Former Metcash executive blocked from joining grocery rival, but family company can buy stake

The former chief executive of Metcash’s IGA grocery chain has been blocked from investing in and becoming chief executive of struggling grocery rival SPAR Australia, following a case in the New South Wales Supreme Court.

However, Jardin’s family company, Jardin Investments, is free to complete a deal to acquire 51% of SPAR.

Louis Jardin was CEO of Metcash’s IGA division for almost 10 years until what NSW Supreme Court judge Justice Michael Ball described as “tensions” between Jardin and Metcash chief Andrew Reitzer bubbled over.

In late January, Jardin complained to Metcash’s deputy chairman about Reitzer’s conduct, only to find his position was terminated by the company’s chairman in early February.

Jardin and Metcah reached a termination agreement whereby he would be paid nine months notice, a period that started on June 1 was due to end on March 1, 2011. Metcash also paid Jardin $2.24 million in salaries and incentives owed to him for meeting performance hurdles.

But in July, Jardin entered in discussions with SPAR Australia, a struggling grocery franchisor with 150 small grocery franchisees around Australia.

Jardin put forward a proposal to buy 51% of the company for about $2 million and SPAR issued a media release announcing the deal.

Then mid-July Jardin wrote a letter to Metcash giving three months notice of the termination of his employment deed, which was still in operation while his notice period ran through until March.

However, Metcash launched legal action against Jardin, claiming that by investing in SPAR and becoming an executive would breach the non-compete clause in his employment deed. Metcash asked the court to prevent Jardin engaging with SPAR until March 1.

While Jardin told the court his investment in SPAR would be a passive one, Justice Ball refused to accept the evidence.

“In my opinion, the likelihood is that the parties contemplated at the time that the binding heads of agreement were signed that Mr Jardin would become CEO of SPAR Australia or at least take on a very senior management role,” Ball wrote in his judgement.

“It is inherently improbable that a company associated with Mr Jardin would invest $2 million to acquire 51% in a company in financial difficulties if Mr Jardin did not intend to play a key role in the company in which the investment was made.”
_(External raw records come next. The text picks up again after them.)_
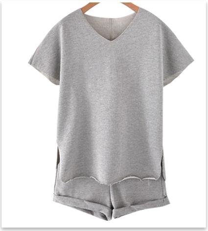 -. Title : セットアップ パンツスーツ 上下セット ショートパンツ ゆる Tシャツ ブラウス シャツ 半袖 2点セット パンツ グレー
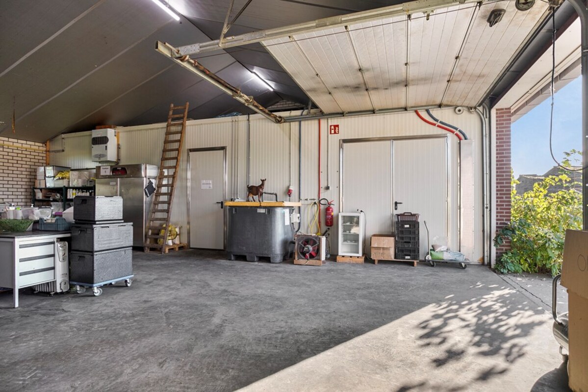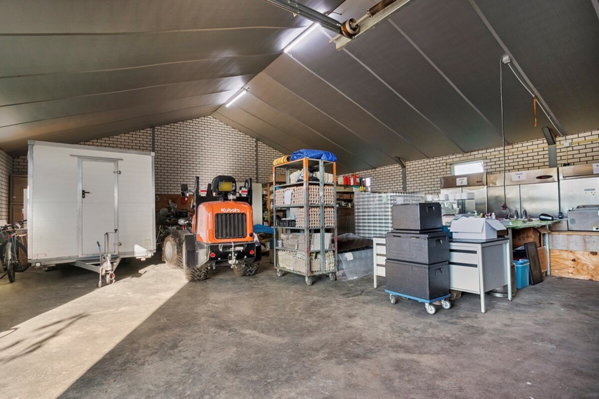 Loods: 22 x 11,5 meter bouwjaar 1997 (253 m²) in spouw uitgevoerd. Voorzien van een gevlinderde vloer, stalen spanten, geïsoleerde binnenwanden, geïsoleerd dak van sandwichpanelen voorzien van 78 zonnepanelen op het dak (2021) incl. 2 overheaddeuren.  Ingang winkelruimte inclusief toilet, keukenblok en een grondwaterbron. Hygiënesluis, kaasmakerij en een kaasopslagruimte incl. koeling. Er bevind zich een zolder op de kaasmakerij en kaasopslag voorzien van houten vloer. Circa 121m² is in gebruik als opslagruimte.
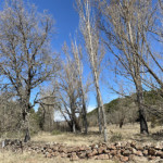 Continuaremos y veremos algunas edificaciones prácticamente en ruinas. Cuando llevemos como un kilómetro por el pinar, llegaremos a un descampado y a un cruce. Aquí deberemos de estar atentos a la señalización pues hay una flecha que nos indica el camino correcto a seguir, a la izquierda. Vamos por un buen carril en dirección sur.
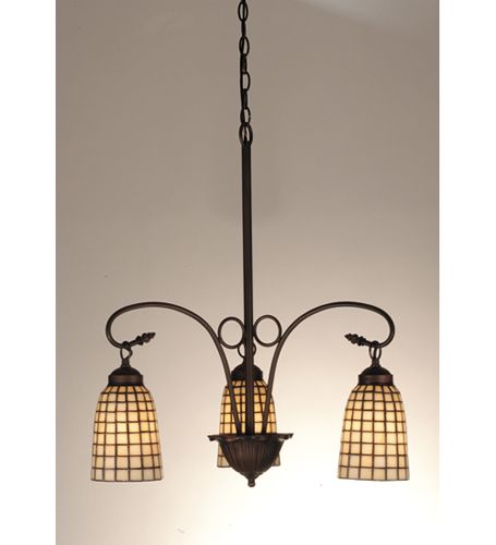 The chandelier features an intricate design with three beautifully crafted shades, each measuring 24.5 inches in height and 22 inches in width. The shades are adorned with a beige antique finish that exudes a warm and inviting glow. The delicate grid pattern on the glass adds a touch of sophistication and charm, making it a perfect addition to any room.
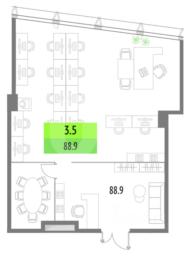 *Количество рабочих мест рассчитано автоматически: от 4,5 м2 на человека до 8 м2 на человека.

However, Ball disagreed with Metcash’s argument that Jardin couldn’t terminate his employment agreement before the end of his notice period.

Rather than blocking Jardin from joining SPAR until March 2011, Ball ordered that Jardin could not invest in SPAR, work for it, discuss it or compete with Metcash until November 30.

However, Jardin’s family company, Jardin Investments, is not prevented from buying into SPAR.